#### PROBLEM DESCRIPTION:
Output the lines of the listing below exactly, starting at the line containing "A postcard of" and stopping after the last line, with any pictures dropped.

#### DATA SECTION:
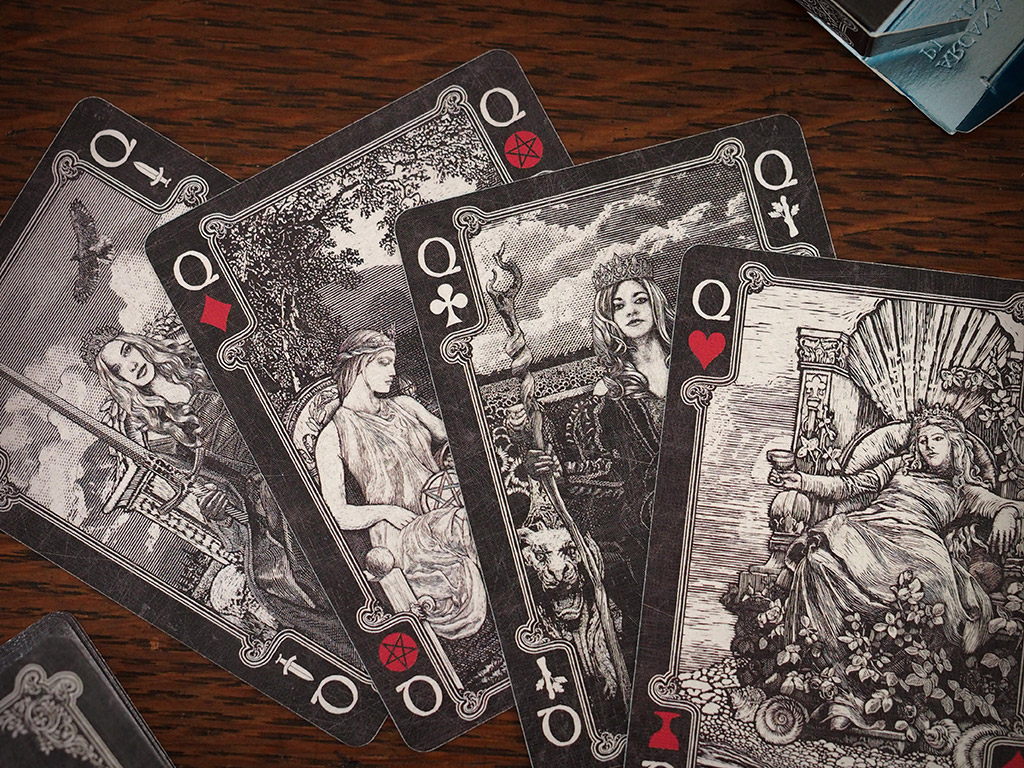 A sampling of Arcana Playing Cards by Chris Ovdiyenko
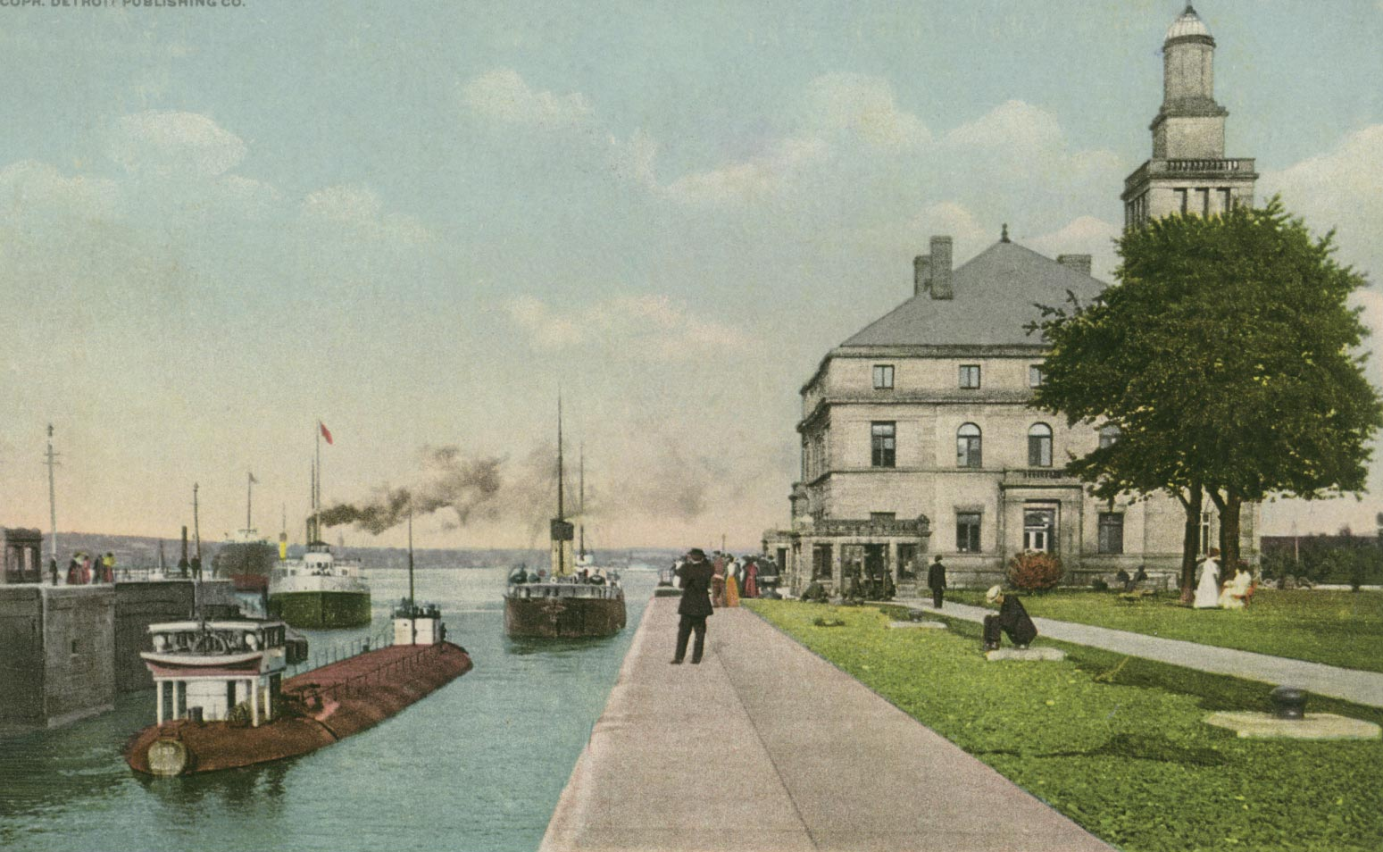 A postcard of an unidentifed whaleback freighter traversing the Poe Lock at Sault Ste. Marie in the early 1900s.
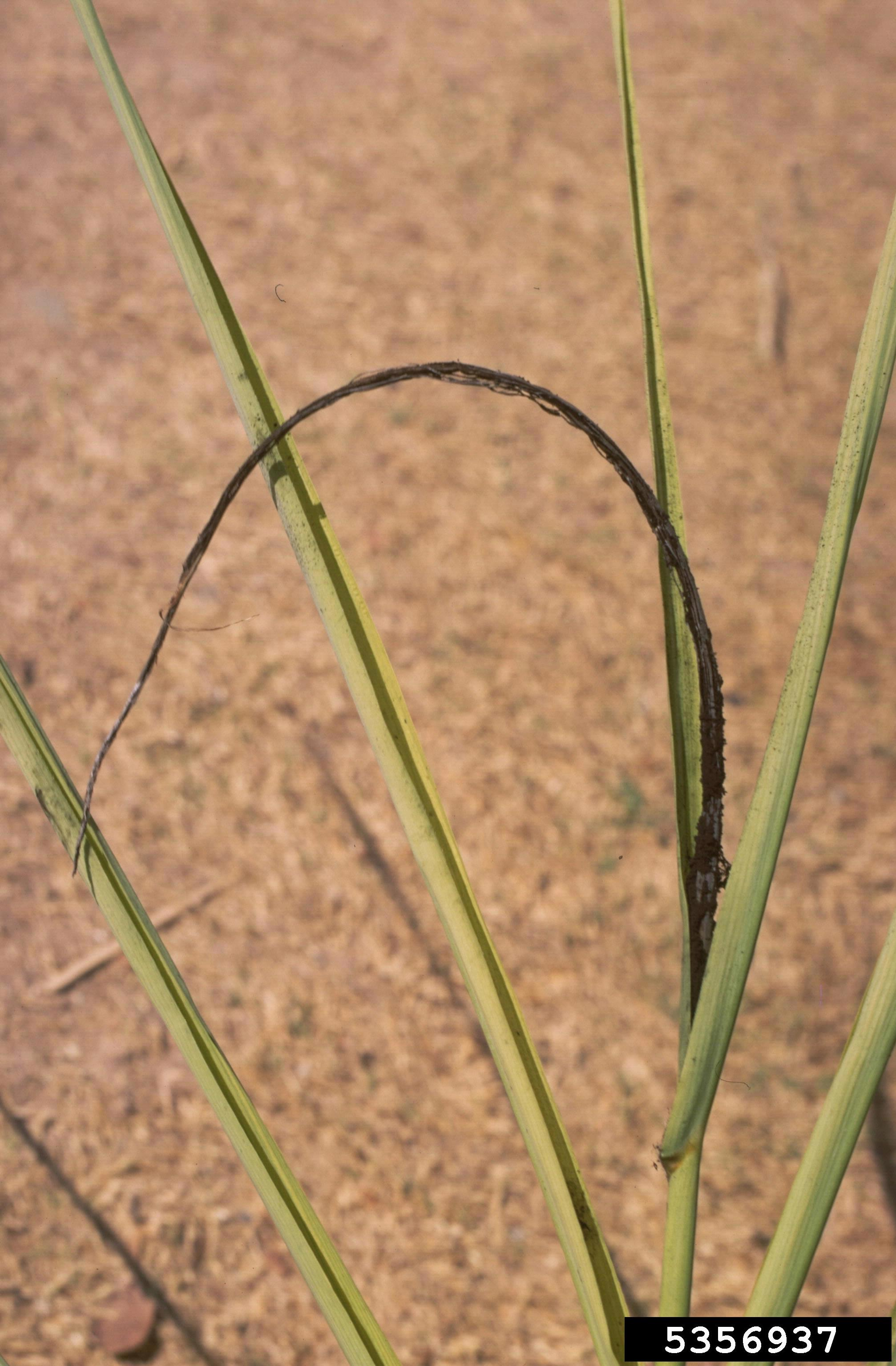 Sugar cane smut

#### RESPONSE BELOW:
 A postcard of an unidentifed whaleback freighter traversing the Poe Lock at Sault Ste. Marie in the early 1900s.
 Sugar cane smut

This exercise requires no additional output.